I wanted to do this calculation a * 256 ** 3 + b * 256 ** 2 + c * 256 + d and assign output to variable and print dec.
我想做这个计算a * 256 ** 3 + b * 256 ** 2 + c * 256 + d并将输出分配给变量并打印dec。
dec ='a * 256 ** 3 + b * 256 ** 2 + c * 256 + d'
echo $dec
I am getting syntax error with the above lines.
我在上面的行中遇到语法错误。
2 个解决方案
#1
First of all, assignment is done this way
首先,分配是这样完成的
dec='a * 256 ** 3 + b * 256 ** 2 + c * 256 + d'
This is where your syntax error come from. Then you just have to evaluate your string with the operator $(( )) this way :
这是您的语法错误来自的地方。然后你只需用运算符$(())来评估你的字符串:
echo $((dec))
#2
For integer arithmetic, you can use the shell:
对于整数运算,您可以使用shell:
dec=$(( a * 256 ** 3 + b * 256 ** 2 + c * 256 + d ))
echo "$dec"
This uses an arithmetic context (( ... )) to calculate the value.
这使用算术上下文((...))来计算值。
Note that there is no space in an assignment, this is important!
请注意,作业中没有空格,这很重要!
The shell does not support floating point arithmetic, but bc or awk do. For example, using awk (and assuming that you have shell variables $a, $b, $c and $d defined):
shell不支持浮点运算,但bc或awk支持。例如,使用awk(并假设您定义了shell变量$ a,$ b,$ c和$ d):
awk -v a="$a" -v b="$b" -v c="$c" -v d="$d" 'BEGIN{print a * 256 ** 3 + b * 256 ** 2 + c * 256 + d}'
or using bc:
或使用bc:
printf '%s * 256 ^ 3 + %s * 256 ^ 2 + %s * 256 + %s\n' "$a" "$b" "$c" "$d" | bc -l
Using the string format specifier %s for each of the shell variables means that no precision is lost before passing the values to bc.

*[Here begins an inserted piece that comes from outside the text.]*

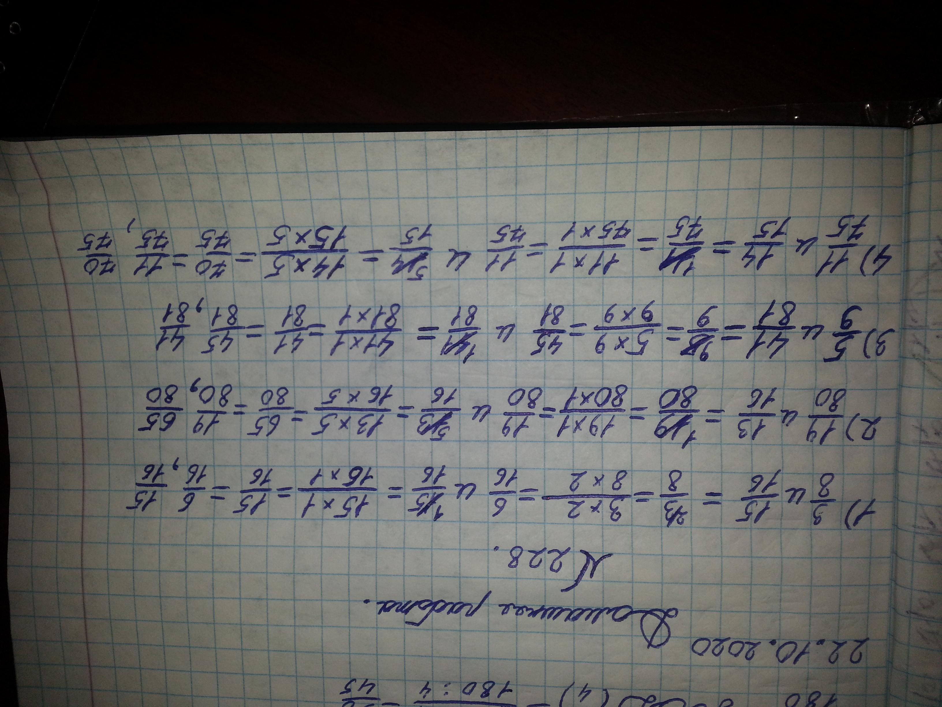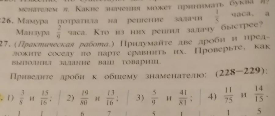1) 6/16 и 15.16 ; 2) 19/80 и 65/80; 3) 45/81 и 41/81 ; 4) 11/75 и 70/75

对每个shell变量使用字符串格式说明符%s意味着在将值传递给bc之前不会丢失任何精度。
#1
First of all, assignment is done this way
首先,分配是这样完成的
dec='a * 256 ** 3 + b * 256 ** 2 + c * 256 + d'
This is where your syntax error come from. Then you just have to evaluate your string with the operator $(( )) this way :
这是您的语法错误来自的地方。然后你只需用运算符$(())来评估你的字符串:
echo $((dec))
#2
For integer arithmetic, you can use the shell:
对于整数运算,您可以使用shell:
dec=$(( a * 256 ** 3 + b * 256 ** 2 + c * 256 + d ))
echo "$dec"
This uses an arithmetic context (( ... )) to calculate the value.
这使用算术上下文((...))来计算值。
Note that there is no space in an assignment, this is important!
请注意,作业中没有空格,这很重要!
The shell does not support floating point arithmetic, but bc or awk do. For example, using awk (and assuming that you have shell variables $a, $b, $c and $d defined):
shell不支持浮点运算,但bc或awk支持。例如,使用awk(并假设您定义了shell变量$ a,$ b,$ c和$ d):
awk -v a="$a" -v b="$b" -v c="$c" -v d="$d" 'BEGIN{print a * 256 ** 3 + b * 256 ** 2 + c * 256 + d}'
or using bc:
或使用bc:
printf '%s * 256 ^ 3 + %s * 256 ^ 2 + %s * 256 + %s\n' "$a" "$b" "$c" "$d" | bc -l
Using the string format specifier %s for each of the shell variables means that no precision is lost before passing the values to bc.
对每个shell变量使用字符串格式说明符%s意味着在将值传递给bc之前不会丢失任何精度。